Menurut Livingston dan Brown (1981), suntik CO pada daging ikan dapat
mempertahankan warna asli ikan dengan cara pengikatan senyawa
karbonmonoksida pada myoglobin menjadi senyawa karboximioglobin. Senyawa
karboximioglobin dapat mencegah terjadinya proses oksidasi pada daging ikan
yang dapat merubah warna daging ikan dari merah menjadi coklat. Daging ikan
tuna yang mengalami perlakuan suntik CO pada dasarnya untuk memenuhi
permintaan konsumen dari amerika serikat karena warna merah daging ikan tuna
sangat mempengaruhi daya beli konsumen (Pivarni dkk, 2011).
9. Penyimpanan
Loin yang telah diberi gas CO disimpan di chilling room bersuhu -5 °C
sampai dengan -2 °C selama 48 jam. Proses penyimpanan bertujuan agar gas CO
bereaksi terhadap loin tuna. Pendinginan selama 2 hari bertujuan untuk
pembentukan senyawa karboksimioglobin dari reaksi CO dan myoglobin.
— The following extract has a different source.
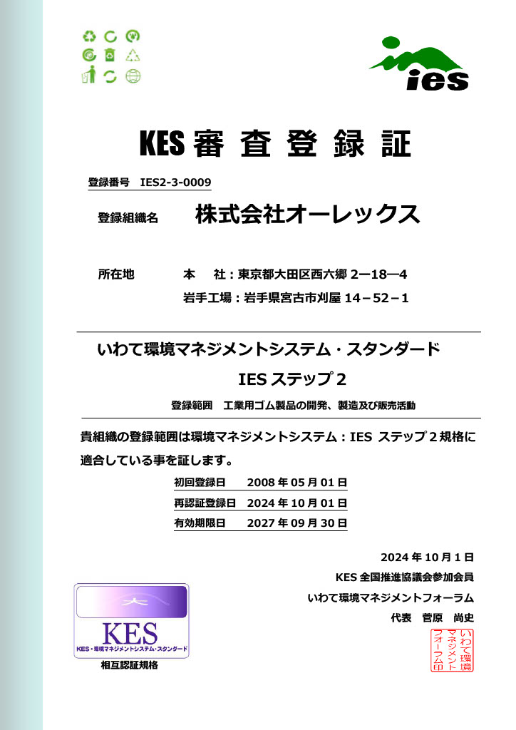 株式会社オーレックスは各種ゴム製品の製造・販売に係る全ての活動・製品及びサービスの環境影響を認識し、地球環境保全に努め継続可能な限り社会に向け、又次世代の希望が持てる環境への負荷が少ないゴムシール・パッキング製品を提供する。油、薬品、水、空気等に着目し、積極的な環境保全に貢献します。

Pembentukan senyawa karboksimioglobin pada dasarnya tidak memerlukan
proses pendinginan, namun dikarenakan proses pembentukannya memerlukan
waktu 1-2 hari maka perlu suhu dingin untuk mencegah terjadinya peningkatan
suhu loin yang dapat mengakibatkan pertumbuhan mikroba dalam dalam loin
tuna.
Selama proses pendinginan suhu dalam ruang pendingin dipantau setiap
satu jam sekali untuk menghindari peningkatan suhu ruang pendingin.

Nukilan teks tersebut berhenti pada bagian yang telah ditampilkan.